Dinoflagellate bioluminescence provides a near-instantaneous reporter of cell response to flow. Although both fluid shear stress and acceleration are thought to be stimulatory, previous studies have used flow fields dominated by shear. In the present study, computational and experimental approaches were used to assess the relative contributions to bioluminescence stimulation of shear stress and acceleration in a laminar converging nozzle. This flow field is characterized by separate regions of pronounced acceleration away from the walls, and shear along the wall. Bioluminescence of the dinoflagellates Lingulodinium polyedrum and Ceratocorys horrida, chosen because of their previously characterized different flow sensitivities, was imaged with a low-light video system. Numerical simulations were used to calculate the position of stimulated cells and the levels of acceleration and shear stress at these positions. Cells were stimulated at the nozzle throat within the wall boundary layer where, for that downstream position, shear stress was relatively high and acceleration relatively low. Cells of C. horrida were always stimulated significantly higher in the flow field than cells of L. polyedrum and at lower flow rates, consistent with their greater flow sensitivity. For both species, shear stress levels at the position of stimulated cells were similar to but slightly greater than previously determined response thresholds using independent flow fields. L polyedrum did not respond in conditions where acceleration was as high as 20 g. These results indicate that shear stress, rather than acceleration, was the stimulatory component of flow. Thus, even in conditions of high acceleration, dinoflagellate bioluminescence is an effective marker of shear stress.

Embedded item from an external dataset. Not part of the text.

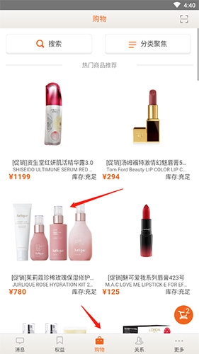 1. 开启软件,轻点“购物”选项,接着挑选自己想要购买的商品添加至购物车。

机译:鞭毛生物发光提供了细胞对血流反应的近乎瞬时的报告。尽管流体剪切应力和加速度都被认为是刺激性的,但先前的研究已经使用了以剪切为主的流场。在本研究中,使用计算和实验方法来评估层流收敛喷嘴中剪切应力和加速度对生物发光刺激的相对贡献。该流场的特征在于远离壁的明显加速的分离区域,并且沿着壁剪切。用弱光视频系统成像了由于鞭毛的先前具有不同的流动敏感性而选择的鞭毛的多鞭毛藻和大角藻的生物发光。使用数值模拟来计算受激细胞的位置以及这些位置的加速度和切应力水平。在壁边界层内的喷嘴喉处刺激细胞,对于下游位置,剪应力相对较高,而加速度相对较低。在流场中,比起多角锥虫细胞,在更低的流速下,总会刺激霍氏梭菌细胞显着更高,这与其更高的流动敏感性相符。对于这两个物种,在受激细胞位置处的剪切应力水平与使用独立流场确定的响应阈值相似,但略大于先前确定的响应阈值。在加速高达20 g的条件下,多唾液不适。这些结果表明,剪切应力而不是加速度是流动的刺激成分。因此,即使在高加速度的条件下,鞭毛生物发光也是剪切应力的有效标志。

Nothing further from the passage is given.